In these scenarios, can it really be said that the foreign entities are carrying on a business in the UK?
What does the guidance say?
The MoJ’s guidance suggests that, whilst the Courts will be the ultimate arbiter of this issue, the Government’s intention is that a common sense test should be applied, taking into account the particular facts of each individual case. Using this approach, the guidance anticipates that if entities do not have a “demonstrable” business presence in the UK, then they won’t be caught by the Act. The guidance goes on to state that simply being listed on the UK’s Stock Exchange, or having a UK subsidiary, will not be enough, in and of itself, to trigger jurisdiction.
Following the guidance, therefore, the Mexican and US companies in the second and third examples listed above would not be considered to be carrying on business in the UK, so would not risk prosecution under the Act. For the Austrian company in the first example, however, the analysis is more difficult and will turn, very much, on the facts. Incidental sales are, undoubtedly, evidence of carrying on a business in the UK, but is that enough to constitute a demonstrable presence?

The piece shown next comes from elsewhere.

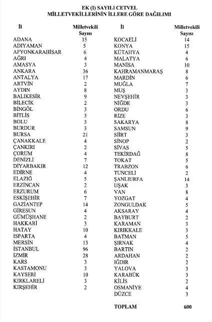 Bursa’nın çıkaracağı milletvekili sayısı 20’den 21’e, Eskişehir’in 6’dan 7’ye, Tunceli ve Bayburt’un çıkaracağı milletvekili sayısı da 1’den 2’ye çıkarıldı.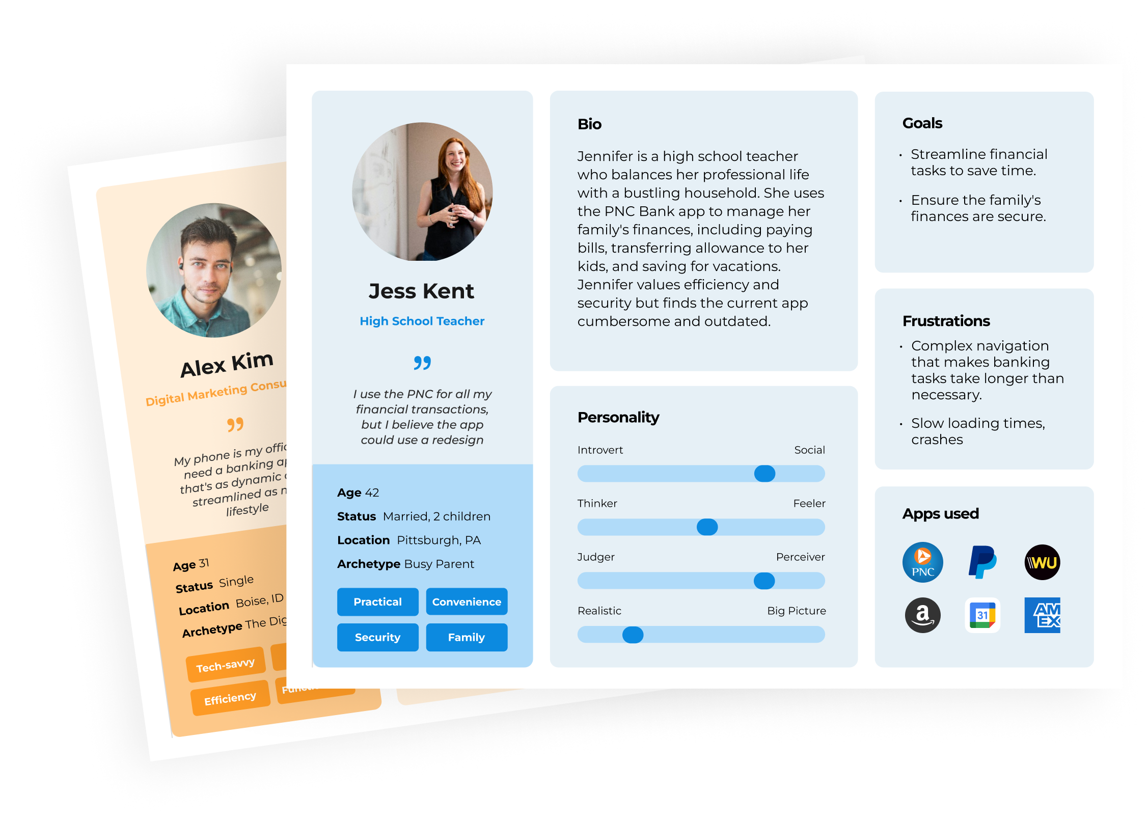 I then crafted 2 user personas that represented PNC Bank's target audience, detailing aspects such as age, occupation, personality traits, goals, frustrations.

In any event, it must be remembered that the guidance, whilst persuasive, does not have any legal force. The Courts will apply the law, not simply the Government’s intentions and interpretations. That said, the latter considerations are likely to be relevant to any decision by the Serious Fraud Office or Director of Public Prosecutions as to whether prosecution should be pursued in any given case. One thing, however, is likely. If a serious instance of bribery has taken place, and there is strong public interest in favour of bringing criminal proceedings, the defence team will have to be very strong to dissuade a Court from reaching a guilty verdict purely on jurisdictional grounds.